Directions =
Using the records below, write out only the lines from the line containing "致道博物館自身も、大時計の修" up to and including the line containing "这款凯莉钱包 Deprien Medium", exactly, with no pictures.

Material for this task =
============

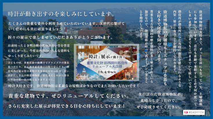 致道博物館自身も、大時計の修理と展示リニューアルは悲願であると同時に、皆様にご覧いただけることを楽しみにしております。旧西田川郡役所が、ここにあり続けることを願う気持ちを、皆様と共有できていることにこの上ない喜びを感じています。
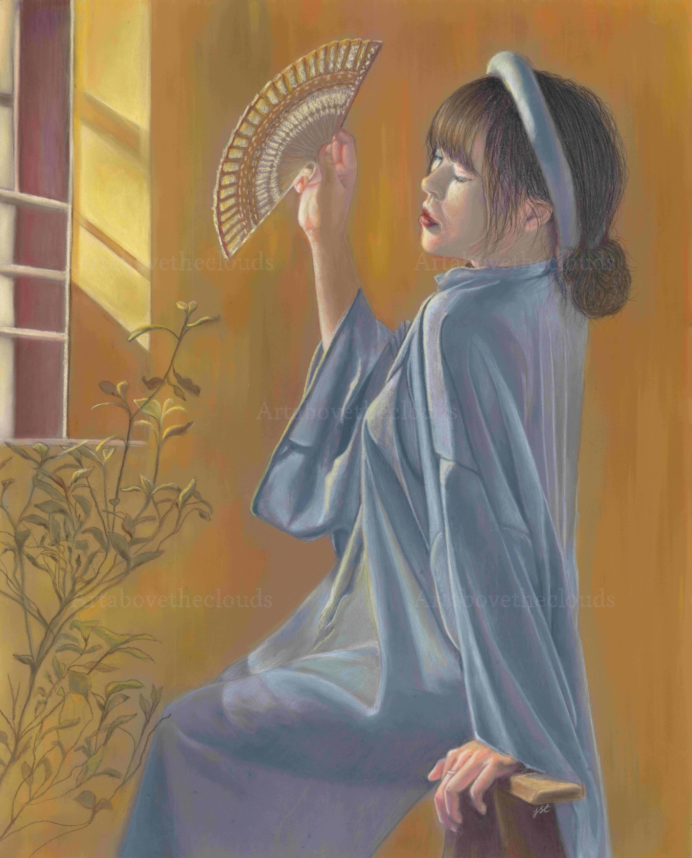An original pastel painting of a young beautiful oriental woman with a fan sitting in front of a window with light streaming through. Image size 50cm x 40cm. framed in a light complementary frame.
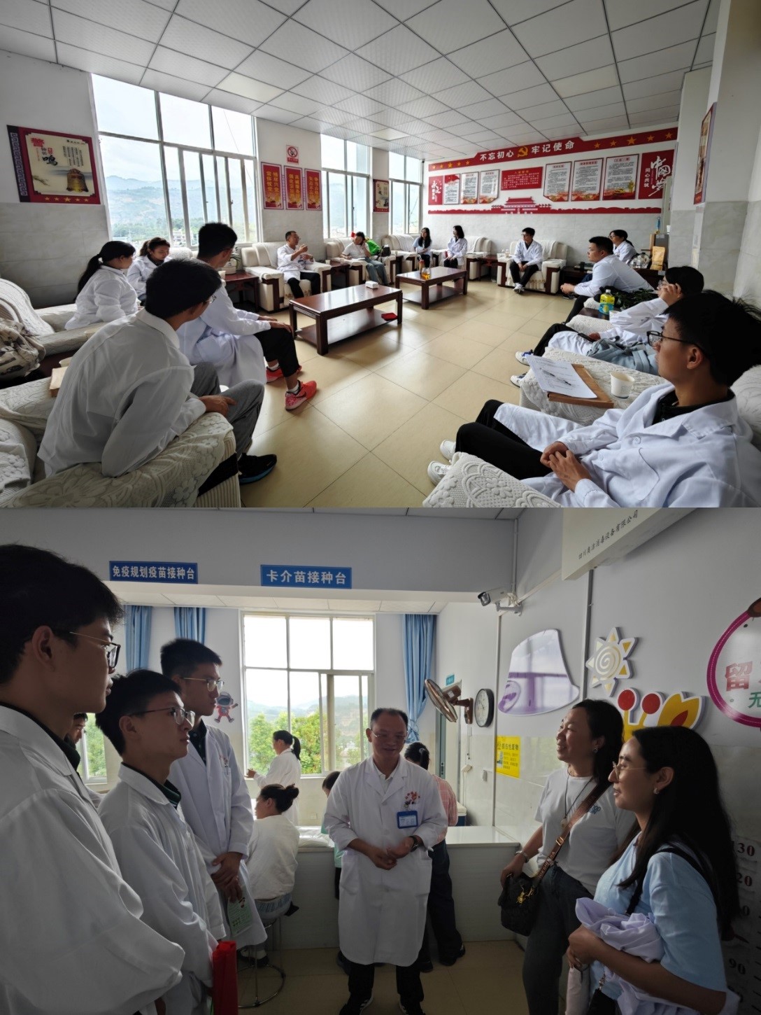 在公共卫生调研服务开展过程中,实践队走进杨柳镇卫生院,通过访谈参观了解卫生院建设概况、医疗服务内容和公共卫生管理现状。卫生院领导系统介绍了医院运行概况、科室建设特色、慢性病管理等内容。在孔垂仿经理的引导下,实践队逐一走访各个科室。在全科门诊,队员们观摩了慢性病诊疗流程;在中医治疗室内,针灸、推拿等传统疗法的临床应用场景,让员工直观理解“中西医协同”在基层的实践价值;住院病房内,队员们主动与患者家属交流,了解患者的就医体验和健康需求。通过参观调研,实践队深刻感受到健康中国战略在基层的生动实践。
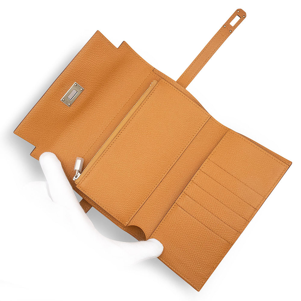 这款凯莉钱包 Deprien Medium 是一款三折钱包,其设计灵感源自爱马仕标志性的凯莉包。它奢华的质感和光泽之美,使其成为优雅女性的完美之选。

============

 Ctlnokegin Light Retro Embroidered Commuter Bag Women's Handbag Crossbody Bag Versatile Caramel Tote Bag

============

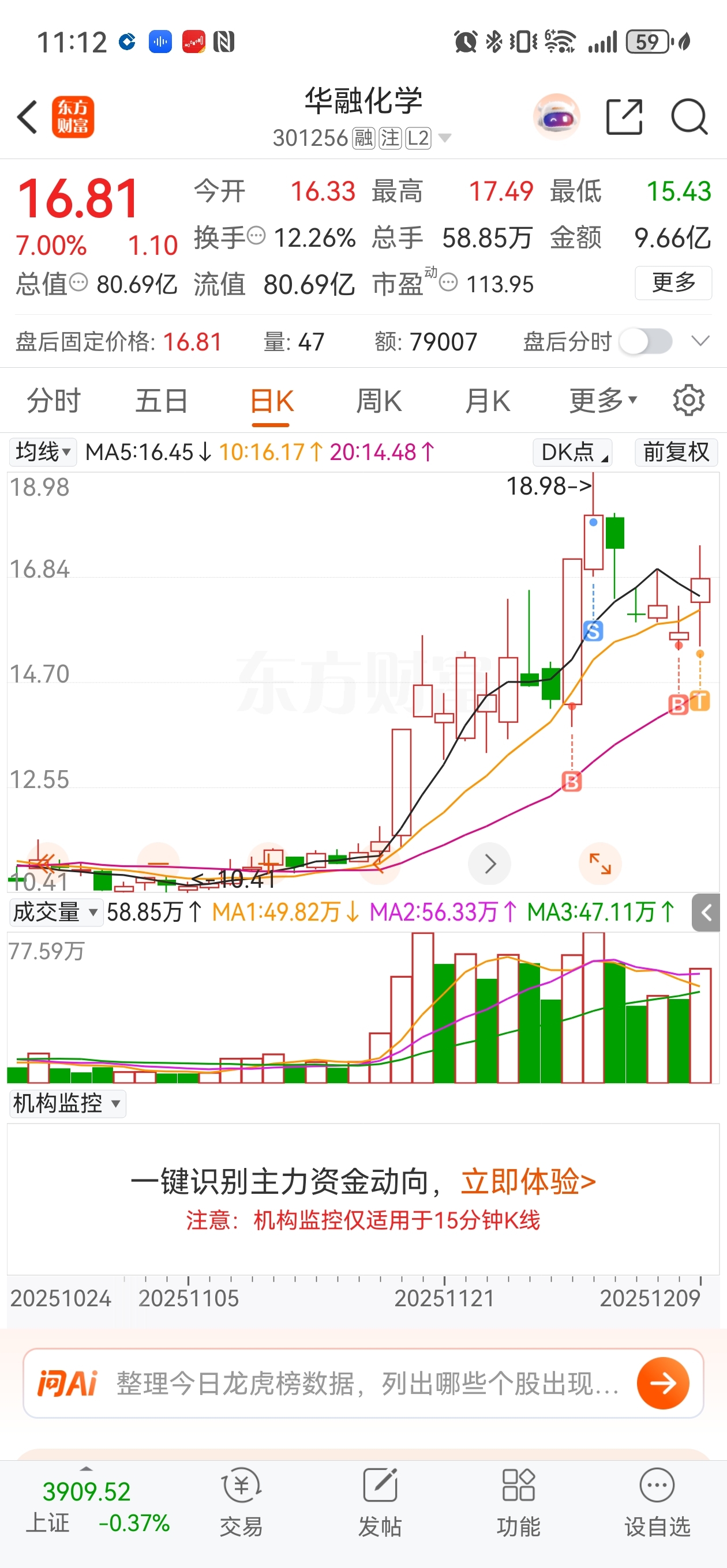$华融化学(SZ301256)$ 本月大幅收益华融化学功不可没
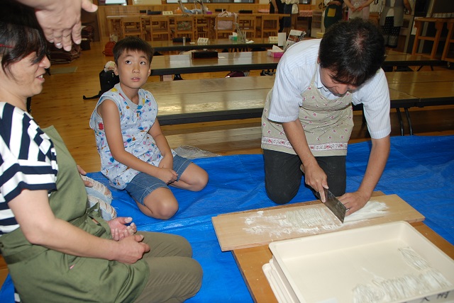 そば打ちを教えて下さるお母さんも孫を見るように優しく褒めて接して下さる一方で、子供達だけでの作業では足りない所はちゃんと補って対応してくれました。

============

Reply to the task =
 致道博物館自身も、大時計の修理と展示リニューアルは悲願であると同時に、皆様にご覧いただけることを楽しみにしております。旧西田川郡役所が、ここにあり続けることを願う気持ちを、皆様と共有できていることにこの上ない喜びを感じています。
An original pastel painting of a young beautiful oriental woman with a fan sitting in front of a window with light streaming through. Image size 50cm x 40cm. framed in a light complementary frame.
 在公共卫生调研服务开展过程中,实践队走进杨柳镇卫生院,通过访谈参观了解卫生院建设概况、医疗服务内容和公共卫生管理现状。卫生院领导系统介绍了医院运行概况、科室建设特色、慢性病管理等内容。在孔垂仿经理的引导下,实践队逐一走访各个科室。在全科门诊,队员们观摩了慢性病诊疗流程;在中医治疗室内,针灸、推拿等传统疗法的临床应用场景,让员工直观理解“中西医协同”在基层的实践价值;住院病房内,队员们主动与患者家属交流,了解患者的就医体验和健康需求。通过参观调研,实践队深刻感受到健康中国战略在基层的生动实践。
 这款凯莉钱包 Deprien Medium 是一款三折钱包,其设计灵感源自爱马仕标志性的凯莉包。它奢华的质感和光泽之美,使其成为优雅女性的完美之选。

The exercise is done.